Co-Authored-By: Claude Sonnet 4.6 <noreply@anthropic.com>
2026-05-24 15:42:38 -07:00

316 lines
21 KiB
Markdown

---
type: project
name: gururmm
display_name: GuruRMM
last_compiled: 2026-05-24
compiled_by: DESKTOP-0O8A1RL/claude-main
sources:
- projects/msp-tools/guru-rmm/CONTEXT.md
- projects/msp-tools/guru-rmm/docs/FEATURE_ROADMAP.md
- projects/msp-tools/guru-rmm/docs/UI_GAPS.md
- projects/msp-tools/guru-rmm/docs/ARCHITECTURE_DECISIONS.md
- projects/msp-tools/guru-rmm/docs/tech-stack.md
- projects/msp-tools/guru-rmm/docs/DESIGN.md
- .claude/memory/reference_gururmm_server.md
- .claude/memory/reference_gururmm_api.md
- .claude/memory/gururmm-development-principles.md
- .claude/memory/feedback_gururmm_agent_parity.md
- .claude/memory/reference_pluto_build_server.md
- .claude/memory/project_mac_gururmm_setup_pending.md
- credentials.md
- session-logs/2025-12-15-session.md
- session-logs/2025-12-20-session.md
- session-logs/2026-04-19-session.md
- session-logs/2026-04-21-session.md
- session-logs/2026-04-29-session.md
- session-logs/2026-05-12-guru-rmm-macos-agent-phase1.md
- session-logs/2026-05-15-session.md
- session-logs/2026-05-16-session.md
- session-logs/2026-05-17-session.md
- session-logs/2026-05-19-gururmm-backup-fixes.md
- session-logs/2026-05-19-session.md
- session-logs/2026-05-21-session.md
- session-logs/2026-05-23-session.md
- session-logs/2026-05-24-session.md
- session-logs/2026-05-24-GURU-KALI-session.md
backlinks:
- clients/cascades-tucson
- systems/gururmm-build
- systems/jupiter
- systems/pluto
---
# GuruRMM
## Summary
GuruRMM is a Remote Monitoring & Management platform built by Arizona Computer Guru LLC for internal MSP operations and eventual productization. The server (Rust/Axum) and dashboard (React/TypeScript) are production-deployed at https://rmm.azcomputerguru.com with approximately 55 enrolled agents across multiple client sites. The agent runs on managed Windows, Linux, and macOS endpoints.

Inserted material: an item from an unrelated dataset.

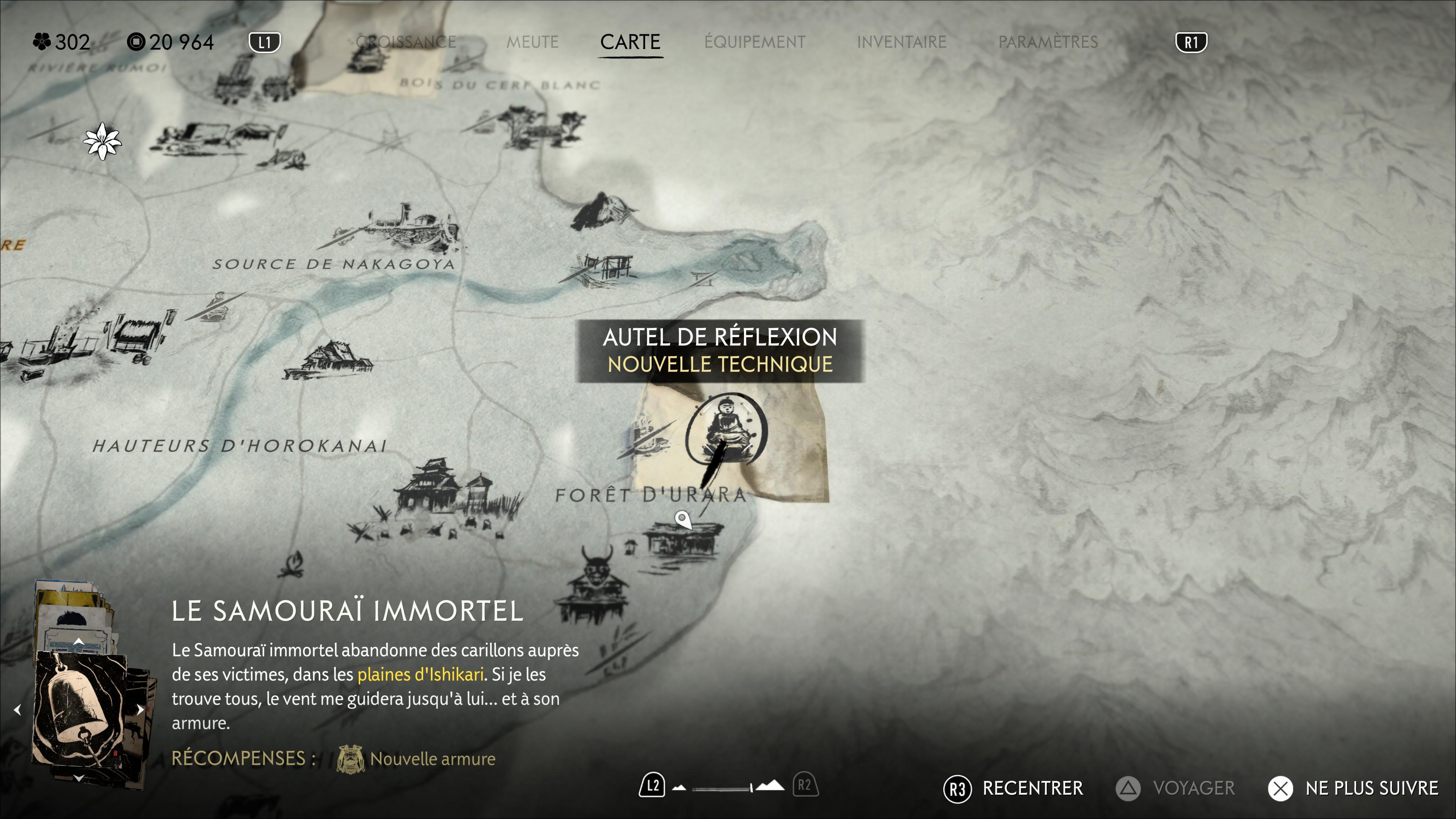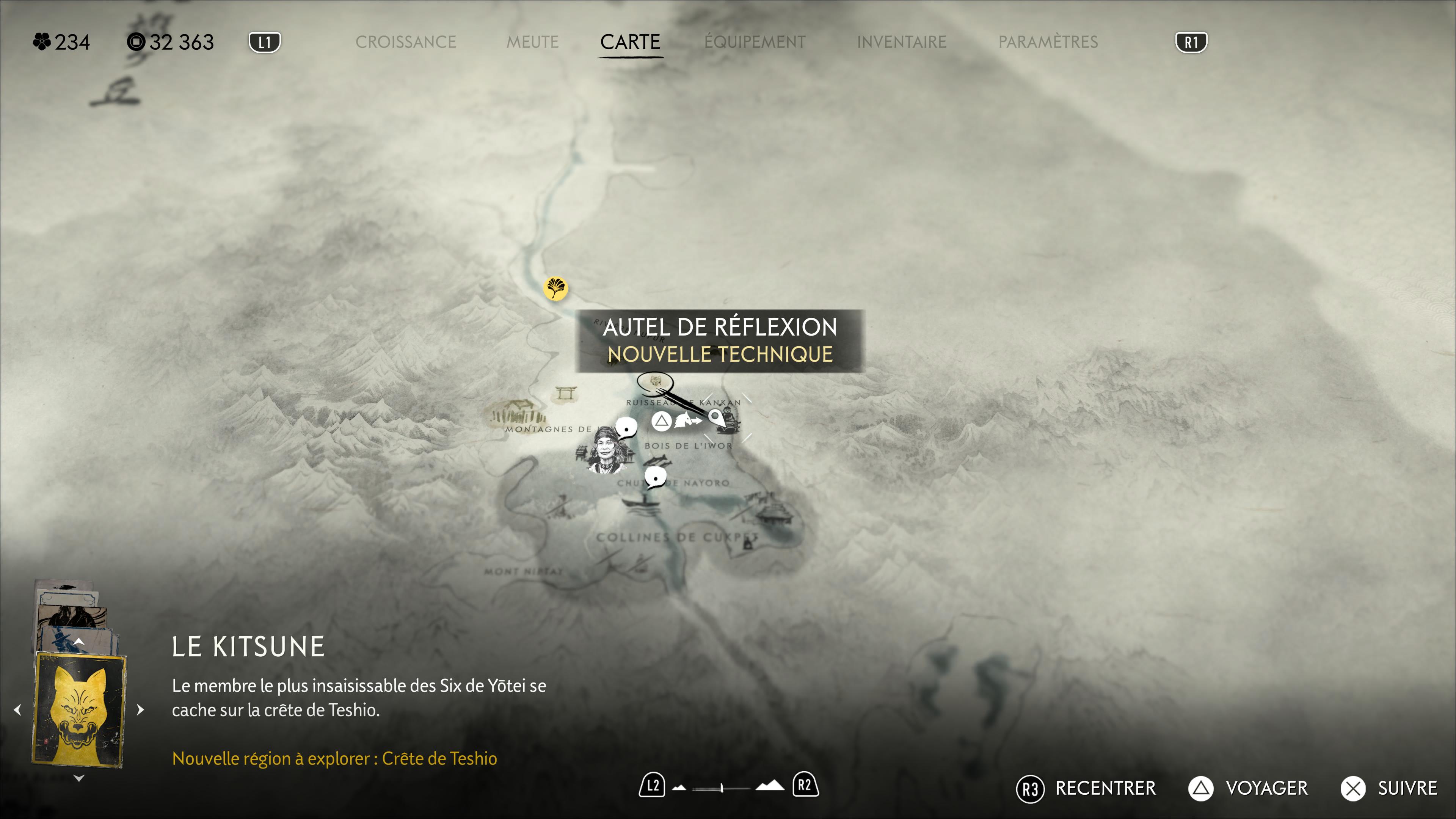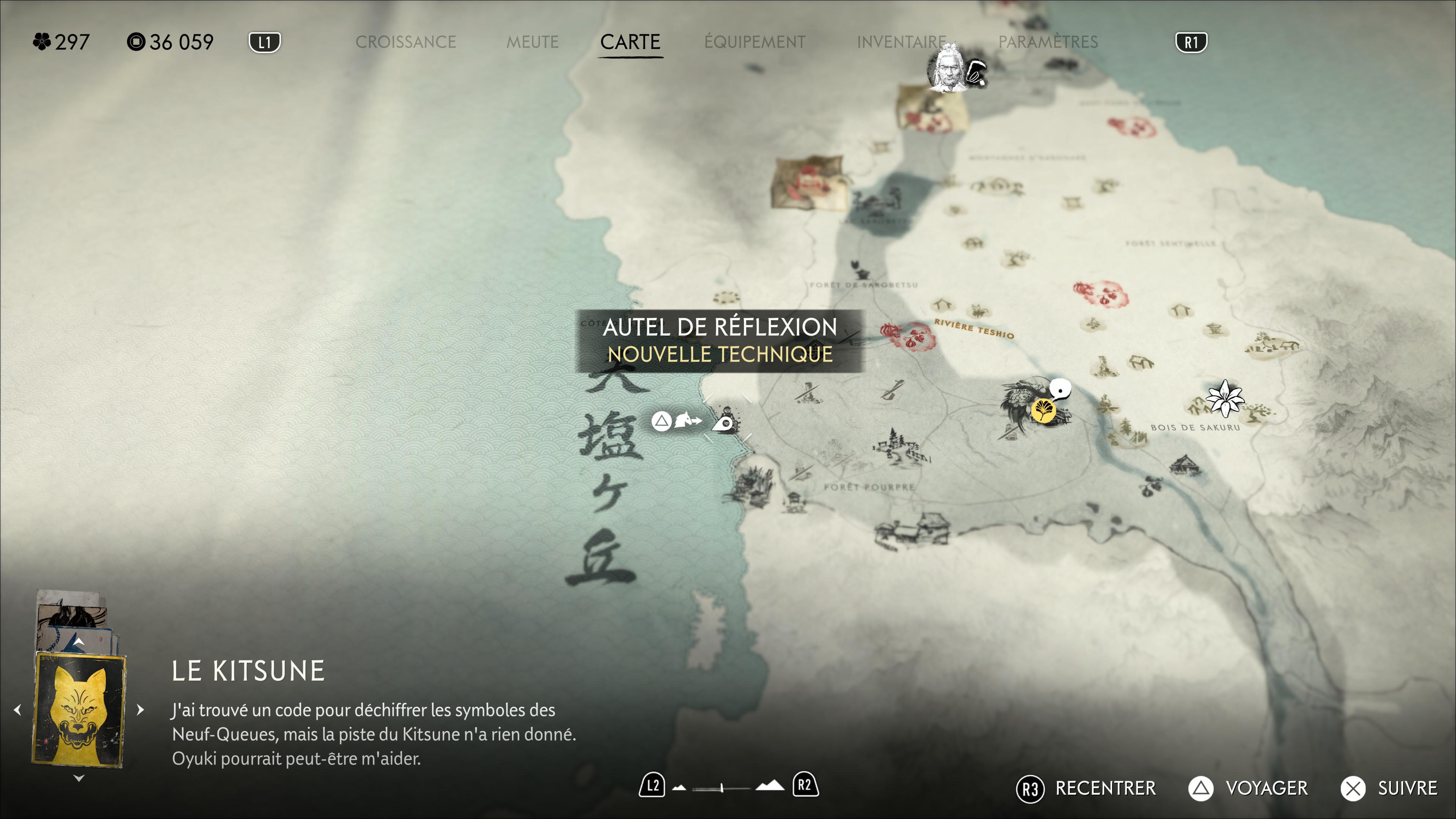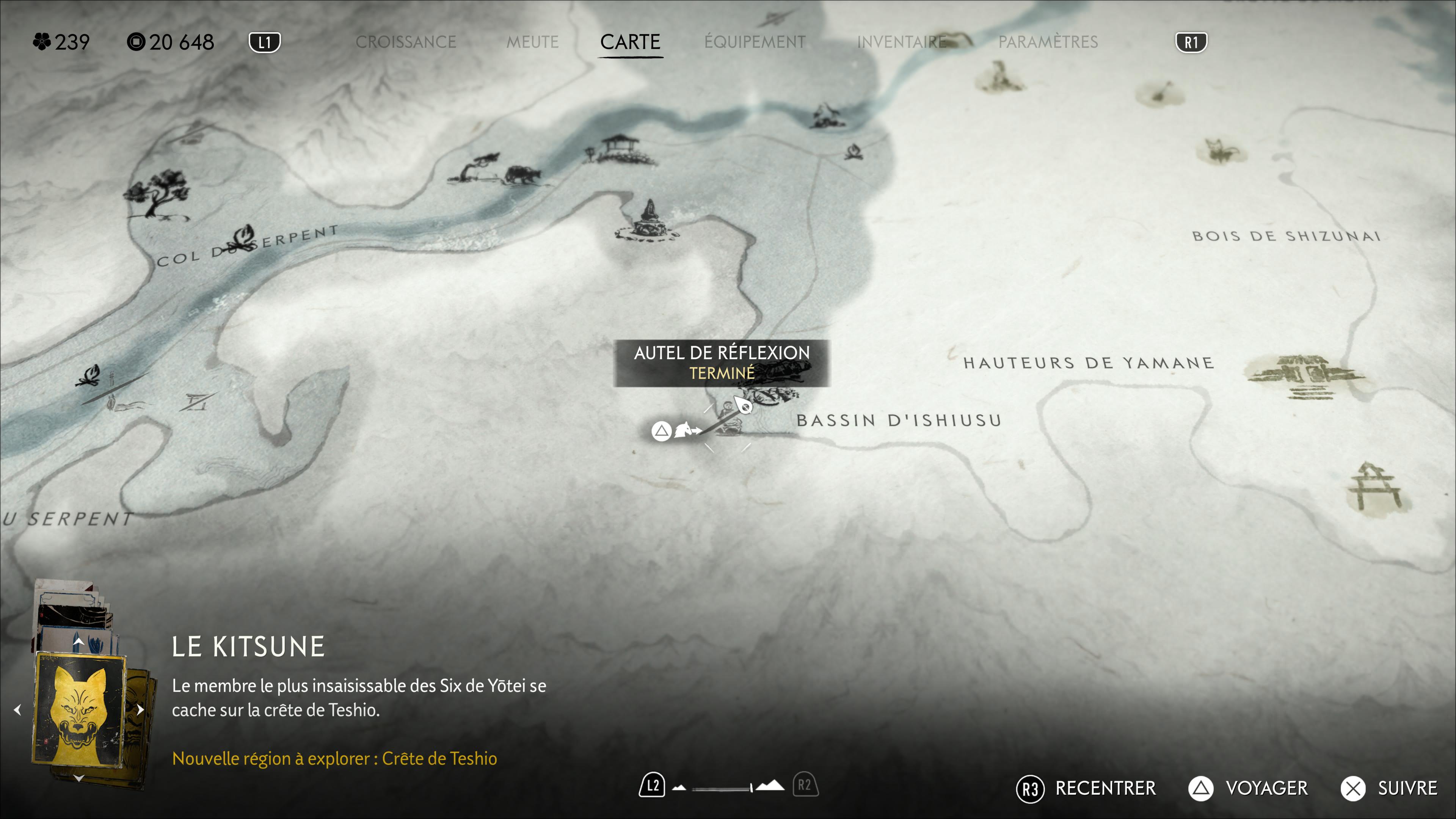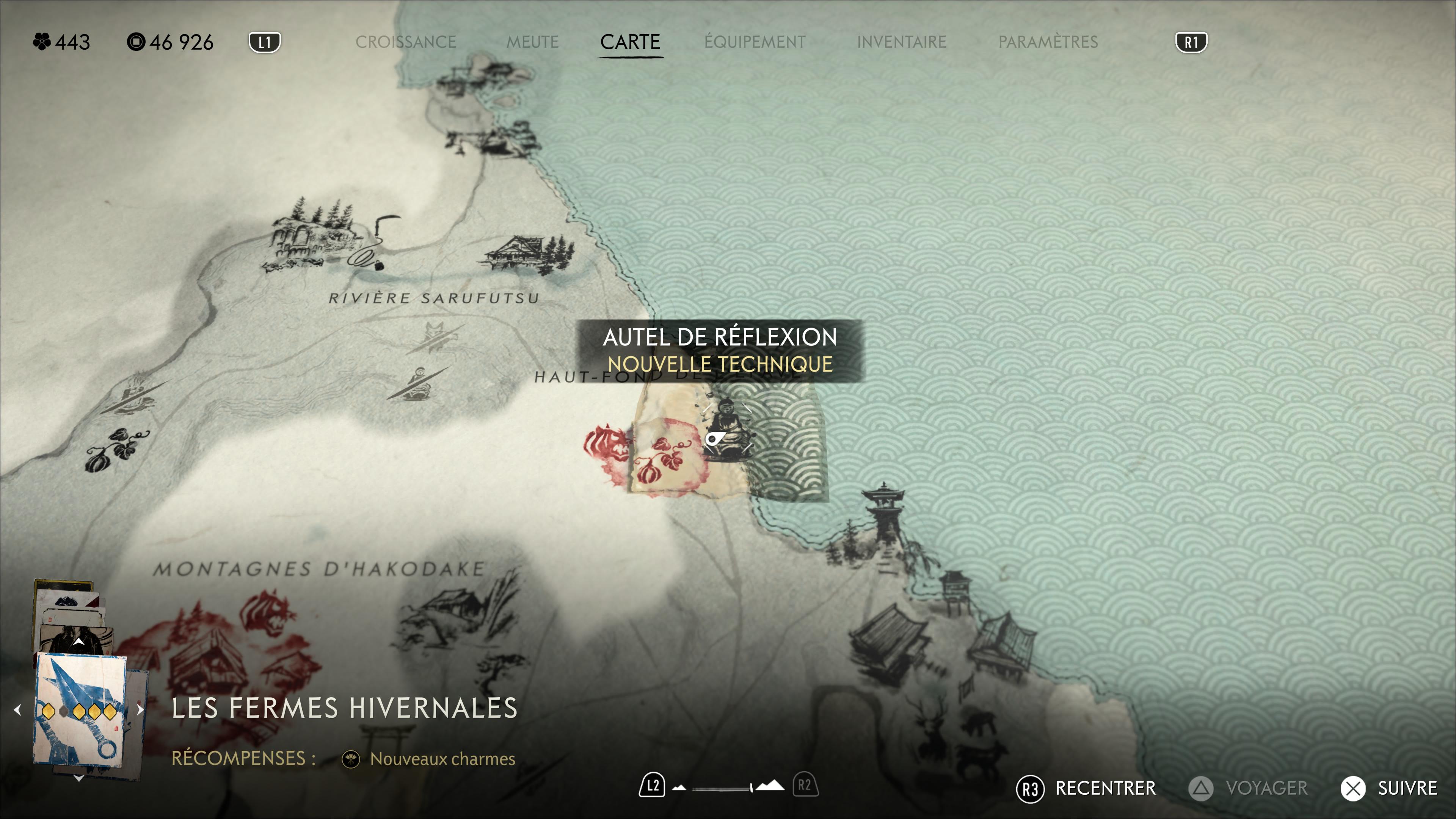 Cachés derrière une cascade, érigés au sommet d’une colline, ou bien en récompense d’un camp des Six de Yōtei libéré, les autels de réflexion sont nombreux et très utiles. À chaque fois que vous vous inclinez devant en glissant votre doigt vers le bas du pavé tactile de la DualSense, vous avez la possibilité de débloquer une compétence de votre choix.

**Current version:** 0.6.38 (as of 2026-05-24; fleet converged within ~10 minutes of publish)
**Repo:** `azcomputerguru/gururmm` on Gitea (internal: http://172.16.3.20:3000). The copy at `D:\claudetools\projects\msp-tools\guru-rmm` is a stale reference submodule — do NOT develop there; all real work happens in the Gitea repo.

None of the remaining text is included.